- From: Ralph R. Swick <swick@w3.org>
- Date: Fri, 17 Feb 2006 11:12:42 -0500
- To: Alistair Miles <a.j.miles@rl.ac.uk>
- Cc: public-swbp-wg@w3.org
At 05:56 PM 2/15/2006 +0000, Alistair Miles wrote:
>... and I so foolishly remarked in the last telecon that 'I've said all I'm ever going to say about hash URIs' ...
:)
oh dear.
>Sorry, I should have sent an email explicitly explaining my decision to revert your changes.
As clearly I should also have done when I made them. We missed
a bunch of telecons where I was planning to mention this.
> I did send an email [10] noting some technical issues regarding 'namespace URIs' and 'vocabulary URIs'.
right; I overlooked your last paragraph (which you cited):
... we have to be careful not to confuse the 'vocabulary URI' ...
and the 'namespace URI' ...
I should have flagged this issue then, as I disagree with your
conclusion -- though I respect the underlying implementation
issue that you identified in that message.
>Typically (in my experience), RDF schemas and OWL ontologies do something like the following:
>
><rdf:RDF xml:base="http://example.com/foo"
> xmlns:rdf="http://www.w3.org/1999/02/22-rdf-syntax-ns#"
> xmlns:rdfs="http://www.w3.org/2000/01/rdf-schema#"

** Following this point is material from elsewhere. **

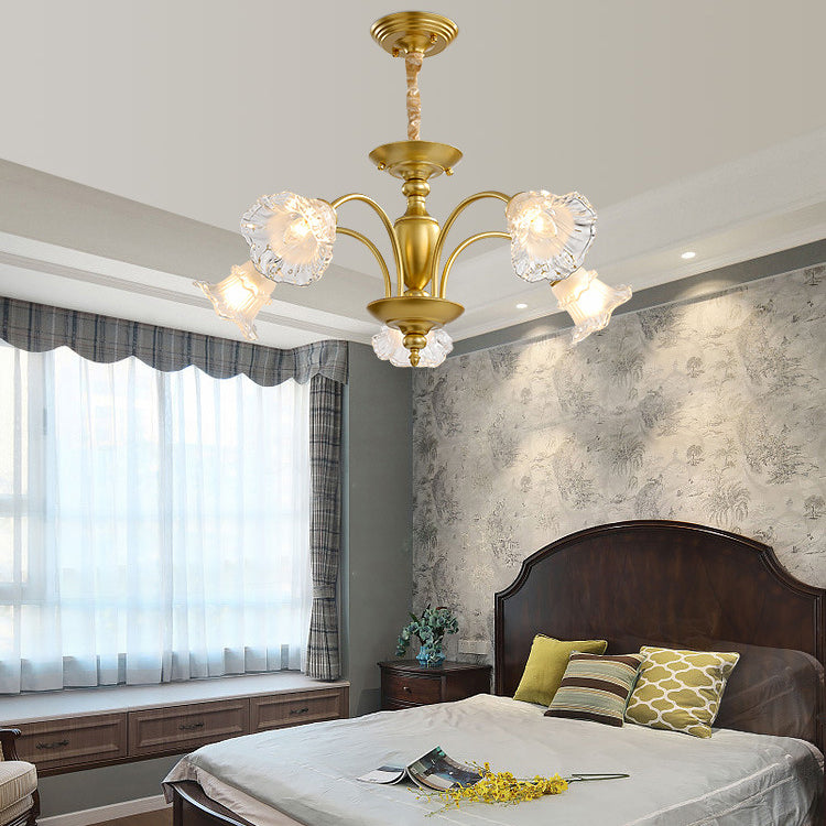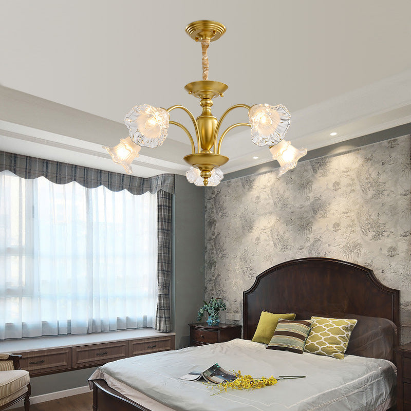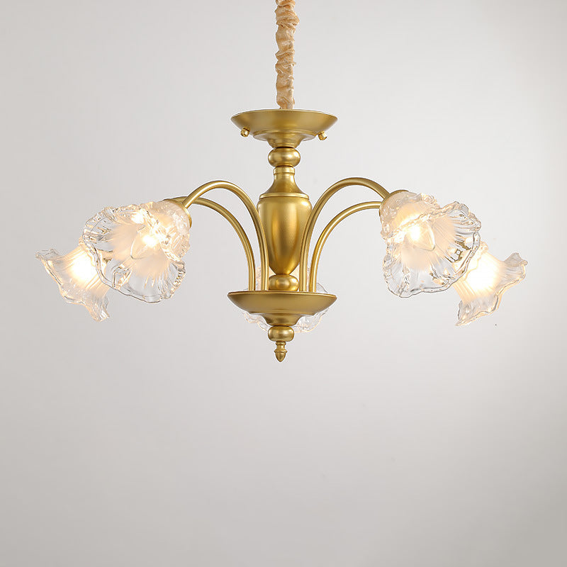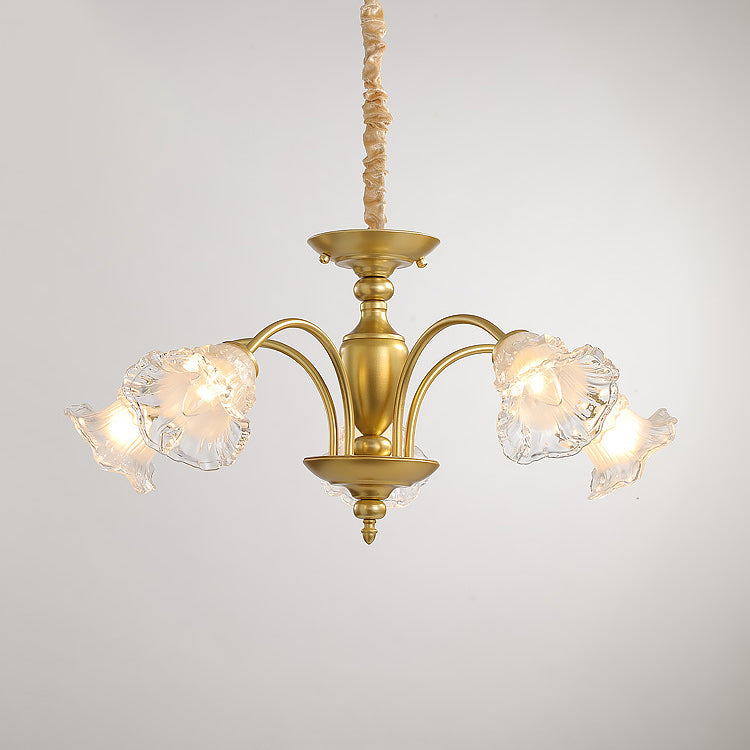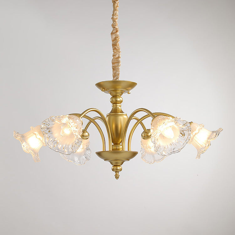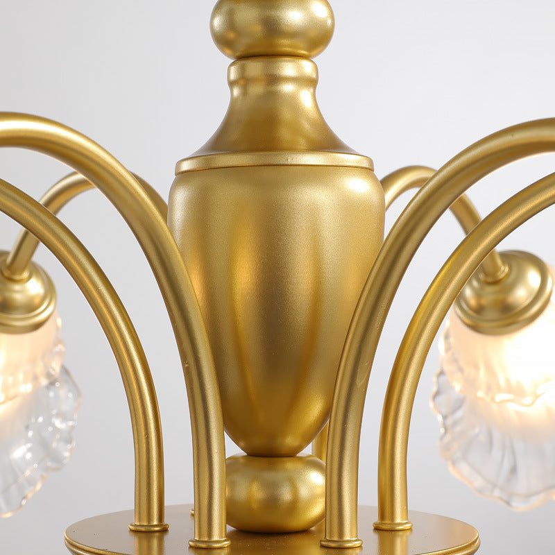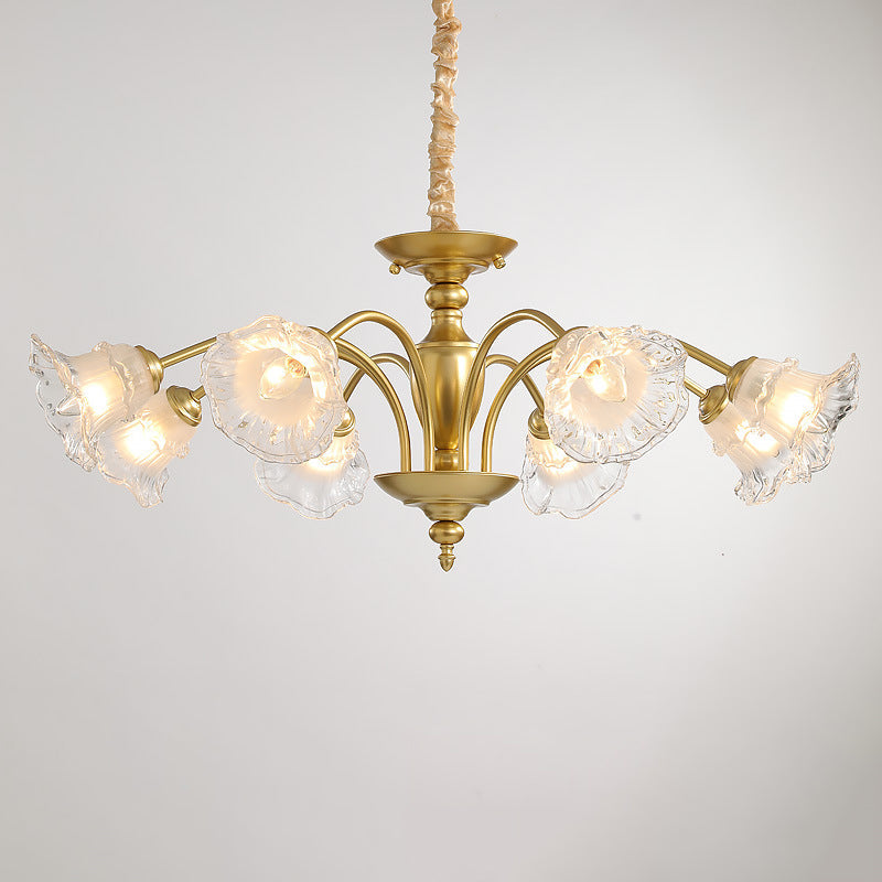 Traditional French Branch Curved Rod Flared Flower Iron Glass 5/6/8/10 Light Chandelier For Living Room

> xmlns:owl="http://www.w3.org/2002/07/owl#">
>
> <owl:Ontology rdf:about="">
> <rdfs:comment>An Example OWL Ontology</rdfs:comment>
> </owl:Ontology>
>
> <owl:Class rdf:ID="Bar">
> <rdfs:label>Bar</rdfs:label>
> </owl:Class>
>
></rdf:RDF>
>
>This document contains the following triples:
>
><http://example.com/foo> rdfs:comment "An Example OWL Ontology".
><http://example.com/foo#Bar> rdfs:label "Bar".
Right you are, plus the crucial triple
<http://example.com/foo> rdf:type <http://www.w3.org/2002/07/owl#Ontology>
I missed this detail in reading the OWL Language Reference.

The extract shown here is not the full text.